Hope you doing great

In this part of the Vision Transformer series, I will explain the key idea behind introducing convolution to ViT models and Build it from scratch. So Let’s get straight to it!

Check out my previous work on Swin Transformer: https://medium.com/@mishra4475/building-swin-transformer-from-scratch-using-pytorch-hierarchical-vision-transformer-using-shifted-91cbf6abc678

Convolutional Vision Transformer

Honestly, the CvT architecture proposed in the paper is among the very first architecture that was refreshingly straightforward to comprehend in a single read, and without the need for supplementary tutorials or blogs. I highly recommend that you at least give it a read. https://arxiv.org/pdf/2103.15808.pdf

The Vision Transformer models are getting good recognition for computer vision tasks. However, the standard vision transformer still gets beat up by the standard CNN architecture for smaller datasets. Because CNNs have great local feature extraction capabilities due high correlation between their special neighbouring pixels. Also, another reason that benefits CNNs is the hierarchical structure of convolutional kernels that learn the visual patterns that take into account local spatial context at varying levels of complexity, from simple low-level edges and textures to higher-order semantic patterns. This hierarchical structure is considered a very profound reason that adds to the uniqueness of the CNNs, which is also addressed and introduced in the Swin Transformer Architecture, which I in detail covered in the previous blog.

Image taken from the original paper | Introducing Convolution to Vision Transformers

To introduce CNN in the standard ViT. Two main things are proposed.

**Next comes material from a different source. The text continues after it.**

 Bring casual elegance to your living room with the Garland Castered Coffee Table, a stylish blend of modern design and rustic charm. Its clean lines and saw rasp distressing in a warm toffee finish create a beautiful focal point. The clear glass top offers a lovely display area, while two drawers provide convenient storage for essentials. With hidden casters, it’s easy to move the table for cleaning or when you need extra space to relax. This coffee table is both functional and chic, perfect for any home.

Convolutional Token Embedding
Convolutional Transformer Block

The only thing new here is the Convolutional Transformer Block as I’ve already explained the Embedding module in the previous blogs.

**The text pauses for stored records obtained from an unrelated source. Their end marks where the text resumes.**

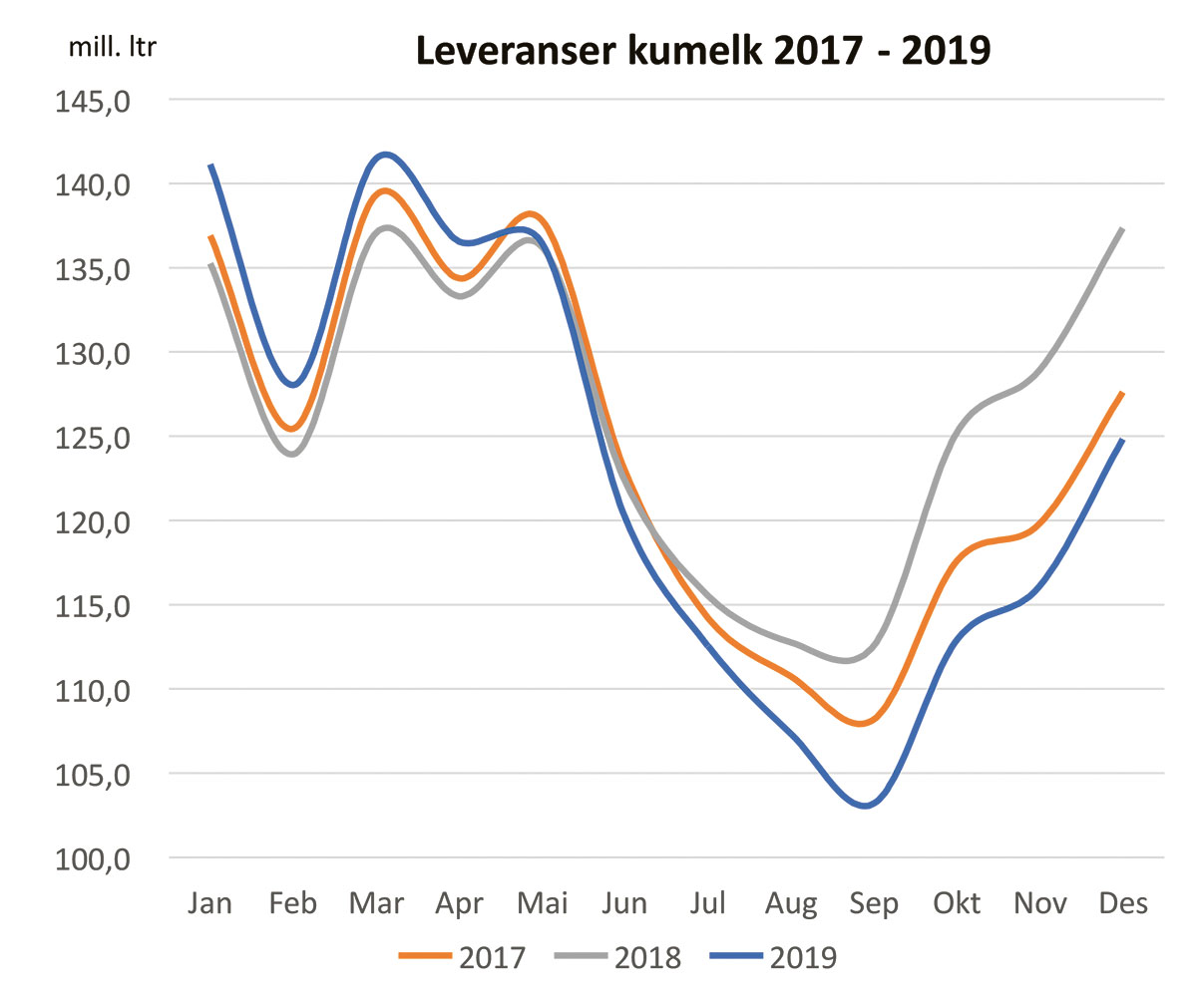 Råstofftilgangen (mjølkeleveransen) til Tine variere mykje gjennom året, med ein topp om vinteren (1.kvartal) og ein botn om sommaren (3. kvartal). I 2019 var prosentvis fordeling på kvartala slik: 27,9 / 26,5 / 21,7 / 23,9. For Tine er den skeive mjølkekurva ei stor utfordring. Kapasiteten på anlegga blir dårleg utnytta og i verste fall kan selskapet risikere å ikkje vere leveringsdyktige på heile varespekteret om sommaren.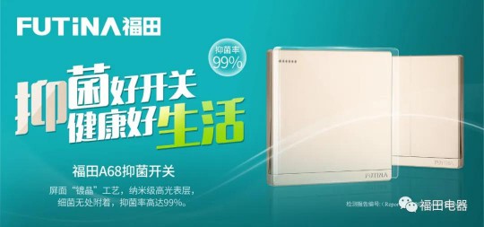 福田電器A68抑菌開關/插座,于2019年8月上市,因其采用“屏面”鍍晶工藝,形成納米級高光表層,抑菌率高達99%,特別適合醫院、學校、等公共場所,以及追求健康生活品質的家庭使用。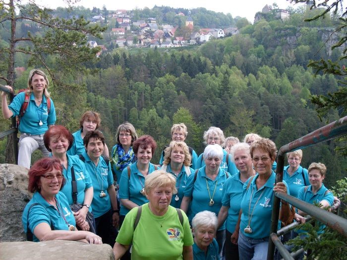 Am Samstag, den 26. April 2014 machten wir uns auf den Weg zu unserer traditionellen Wanderung anläßlich des Frauentages. Um 14.00 Uhr trafen wir uns auf dem Buswendeplatz, um von unseren Männern die erste Etappe gefahren zu werden. Wanderstart war dann in Hohburkersdorf am Gasthaus "Zur Rennstrecke". Ich glaube, 3 Frauen kannten den Weg über die Himmelschlüsselchenwiese nach Zeschnig. Alle anderen, obwohl Einheimische, waren noch nie dort gewesen. Übrigens ein sehr lehrreicher Weg. Liebevoll mit kleinen Schildern bestückt, welche Pflanzen dort blühen. Am Ende des Weges erwartete uns eine kühlende Überraschung. Achim Busch als Eisverkäufer zu sehen, war auch einmal interessant. Vielen lieben Dank den Sponsoren- den Chefs vom Hause Alfredo in Pirna -. Dann ging es weiter über die Hocksteinschänke wieder in den Wald die Teufelsschlucht hinunter zu den Wiesen vor der Polenztalschänke.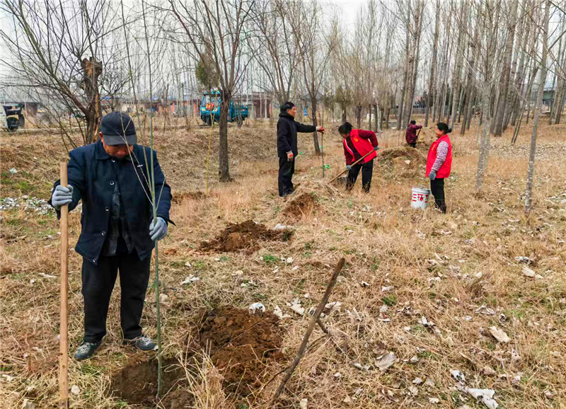 植树现场,大家热情高涨,三两一组,分工协作,从挥锹铲土、扶苗填坑,到提水浇灌、踩实固苗,每一道工序都一丝不苟,严格遵循植树标准,确保栽一棵、活一棵、绿一片。用汗水浇灌希望,用双手装扮家园。在大家的共同努力下,一株株新苗迎风挺立,为初春的乡村增添了勃勃生机。

Convolutional Token Embedding

This is just as same as the embedding we’ve been using till now, we take an image, pass it to a convolution layer, get a new feature image, and reshape that image to form the embeddings as shown in stage1 in the figure above.

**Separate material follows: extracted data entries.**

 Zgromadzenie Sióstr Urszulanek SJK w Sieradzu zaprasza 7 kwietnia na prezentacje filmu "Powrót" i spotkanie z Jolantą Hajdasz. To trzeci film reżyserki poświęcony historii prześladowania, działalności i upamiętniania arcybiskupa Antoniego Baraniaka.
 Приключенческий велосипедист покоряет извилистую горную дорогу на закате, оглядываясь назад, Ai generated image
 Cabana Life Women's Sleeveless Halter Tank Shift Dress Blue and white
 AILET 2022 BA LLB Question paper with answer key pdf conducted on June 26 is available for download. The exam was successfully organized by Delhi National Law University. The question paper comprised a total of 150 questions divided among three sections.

class CVTEmbedding(nn.Module):
  def __init__(self, in_ch, embed_dim, patch_size,stride):
    super().__init__()
    self.embed = nn.Sequential(
        nn.Conv2d(in_ch, embed_dim, kernel_size=patch_size, stride=stride)
    )
    self.norm = nn.LayerNorm(embed_dim)
  def forward(self, x):
    x = self.embed(x) # self.embed(x) where x: B C H W
    x = rearrange(x, 'b c h w -> b (h w) c') # i.e. x: B T(h w) C
    x = self.norm(x)
    return x

Here we need to notice that in each stage we do not use any constant stride value, thus the new dimension of the Image we get after conv embedding, the tokens in (B, T, C) is not going to be (H// patch size) as, in the standard Vision transformer, this is because we want to leverage the local feature extraction like the convolutional neural networks.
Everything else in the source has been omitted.